AutoRec

Introduction to Autoencoders

Autoencoders were first introduced as a neural network that is trained to reconstruct its input. Their main purpose is learning in an unsupervised manner an “informative” representation of the data that can be used for various implications such as clustering. The problem is to learn the functions $A : \mathbb{R}^n \to \mathbb{R}^p$ (encoder) and $B : \mathbb{R}^p \to \mathbb{R}^n$ (decoder) that satisfy

\[\arg\min_{A,B} \mathbb{E}[\Delta \left(\mathbf{x}, B \circ A(\mathbf{x}) \right)]^2 \tag{1}\]

where $\mathbb{E}$ is the expectation over the distribution of $x$, and $\Delta$ is the reconstruction loss function, which measures the distance between the output of the decoder and the input. The latter is usually set to be the $l_2$-norm. In the most popular form of autoencoders, $A$ and $B$ are neural networks. In the special case that $A$ and $B$ are linear operations, we get a linear autoencoder. In the case of a linear autoencoder where we also drop the non-linear operations, the autoencoder would achieve the same latent representation as Principal Component Analysis (PCA). Therefore, an autoencoder is, in fact, a generalization of PCA, where instead of finding a low-dimensional hyperplane in which the data lies, it is able to learn a non-linear manifold. Autoencoders may be trained end-to-end or gradually layer by layer. In the latter case, they are “stacked” together, which leads to a deeper encoder.

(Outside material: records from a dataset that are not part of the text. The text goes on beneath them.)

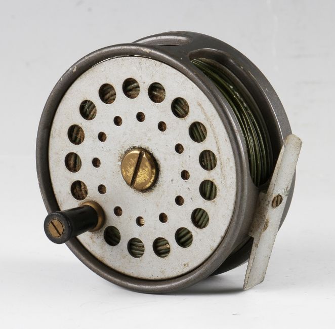 Sharpe’s Aberdeen The Gordon alloy fly reel: 3.75” Centre brass screw, black handle, alloy 2 screw foot, used condition c/w line
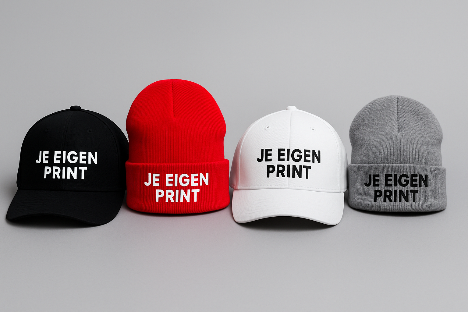 Maak jouw look compleet met een bedrukt petje, beanie of cap. Ideaal voor promoties, sportteams of als stijlvol mode-accessoire.
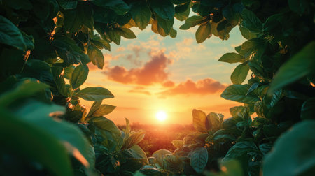 A stunning view captures a vibrant sunset framed by lush green leaves, showcasing a beautiful play of colors in the sky, perfect for nature lovers.
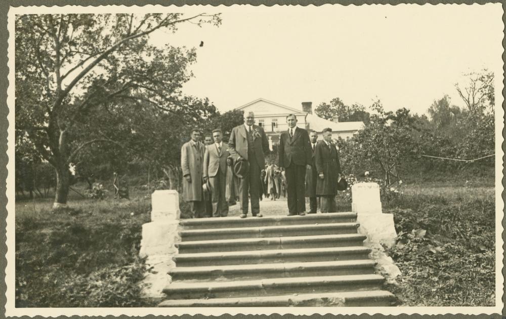 Latvijas Valsts un Ministru prezidents Kārlis Ulmanis apmeklē Adamovas sešklasīgo pamatskolu un bērnu patversmi Rēzeknes apriņķa Vērēmu pagastā. No kreisās: 3. Kārlis Ulmanis, 4. Adamovas pamatskolas un bērnu patversmes priekšnieks Jānis Ladusāns.

AutoRec: Autoencoders Meet Collaborative Filtering

Assume a dataset consisting of M users and N items. Let $r_m \in \mathbb{R}^N$ be a partially observed vector for the user $m$ consisting of its preference score to each of the $N$ items where unknown ratings are set to zeros by default. Similarly, let $r_n$ be item $n$’s partially observed vector for each user. The AutoRec model has two variants: user-based AutoRec (U-AutoRec) and item-based AutoRec (I-AutoRec). In U-AutoRec, the autoencoder takes as input each partially observed $r_m$, projects it into a low-dimensional latent (hidden) space, and then reconstruct $r_m$ in the output space to predict missing ratings for purposes of recommendation for specific users. Similarly, for I-AutoRec, the autoencoder learns a lower-dimensional representation of user preferences for specific items.

The U-AutoRec objective is defined as

\[\min_{\theta}\sum _{m=1}^{M} \Vert r_m -h(r_m; \theta ) \Vert ^{2} _{O} + \frac{\lambda}{2}\left( \Vert W \Vert ^{2} _{F} + \Vert V \Vert ^{2} _{F}\right)\]

where

\[h(r_m; \theta) = f(W \cdot g(Vr_m + \mu) + b)\]

This objective corresponds to an auto-associative neural network with a single, $k$-dimensional hidden layer where $k \ll N$. The parameters are learned using backpropagation. In total, U-AutoRec requires the estimation of $2Nk\ +\ N\ +\ k$ parameters. At prediction time, we can investigate the reconstruction vector and find items that the user is likely to prefer. The I-AutoRec can be defined in a similar manner.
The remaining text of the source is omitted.